Quick and Delicious Easy Dinner Recipes for Busy Weeknights

Introduction

Finding time to prepare a wholesome dinner during busy weeknights can be a real challenge. However, with these 10 quick and easy dinner recipes, you can enjoy delicious meals without spending hours in the kitchen. Let’s explore each recipe in detail.

Recipe 1: One-Pan Lemon Garlic Chicken

Ingredients:

  • 4 boneless, skinless chicken breasts
  • 2 tablespoons olive oil
  • 4 cloves garlic, minced
  • 1 lemon, juiced and zested
  • 1 teaspoon dried oregano
  • Salt and pepper to taste

Instructions:

  1. Preheat the oven to 400°F (200°C).
  2. In a large oven-safe skillet, heat the olive oil over medium-high heat.
  3. Season the chicken breasts with salt, pepper, and dried oregano.
  4. Sear the chicken breasts for 2-3 minutes on each side until golden brown.
  5. Add minced garlic, lemon juice, and lemon zest to the skillet.
  6. Transfer the skillet to the preheated oven and bake for 15-20 minutes or until the chicken is cooked through.
  7. Serve hot with your favorite side dishes.
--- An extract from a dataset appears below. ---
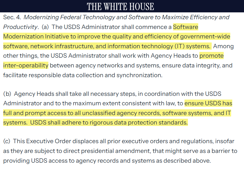 The DOGE executive order reads as though they’re setting up a “business transformation enabled by technology.” The US Digital Services (USDS) was established by Obama to streamline government technology programs after the “Obamacare Website” disaster. Trump’s executive order renames the USDS and establishes a temporary program office that reports to White House Chief of Staff Susie Wiles.

Recipe 2: Creamy Tuscan Shrimp Pasta

Ingredients:

  • 8 ounces linguine pasta
  • 1 pound shrimp, peeled and deveined
  • 2 tablespoons butter
  • 4 cloves garlic, minced
  • 1 cup cherry tomatoes, halved
  • 1 cup spinach
  • 1/2 cup heavy cream
  • 1/4 cup grated Parmesan cheese
  • Salt and pepper to taste

Instructions:

  1. Cook the linguine pasta according to the package instructions until al dente. Drain and set aside.
  2. In a large skillet, melt the butter over medium heat.
  3. Add minced garlic and cook until fragrant.
  4. Add shrimp to the skillet and cook until pink and opaque.
  5. Add cherry tomatoes and spinach to the skillet and cook until wilted.
  6. Reduce the heat to low and stir in the heavy cream and grated Parmesan cheese.
  7. Season with salt and pepper to taste.
  8. Add the cooked linguine pasta to the skillet and toss until well coated.
  9. Serve hot with a sprinkle of Parmesan cheese on top.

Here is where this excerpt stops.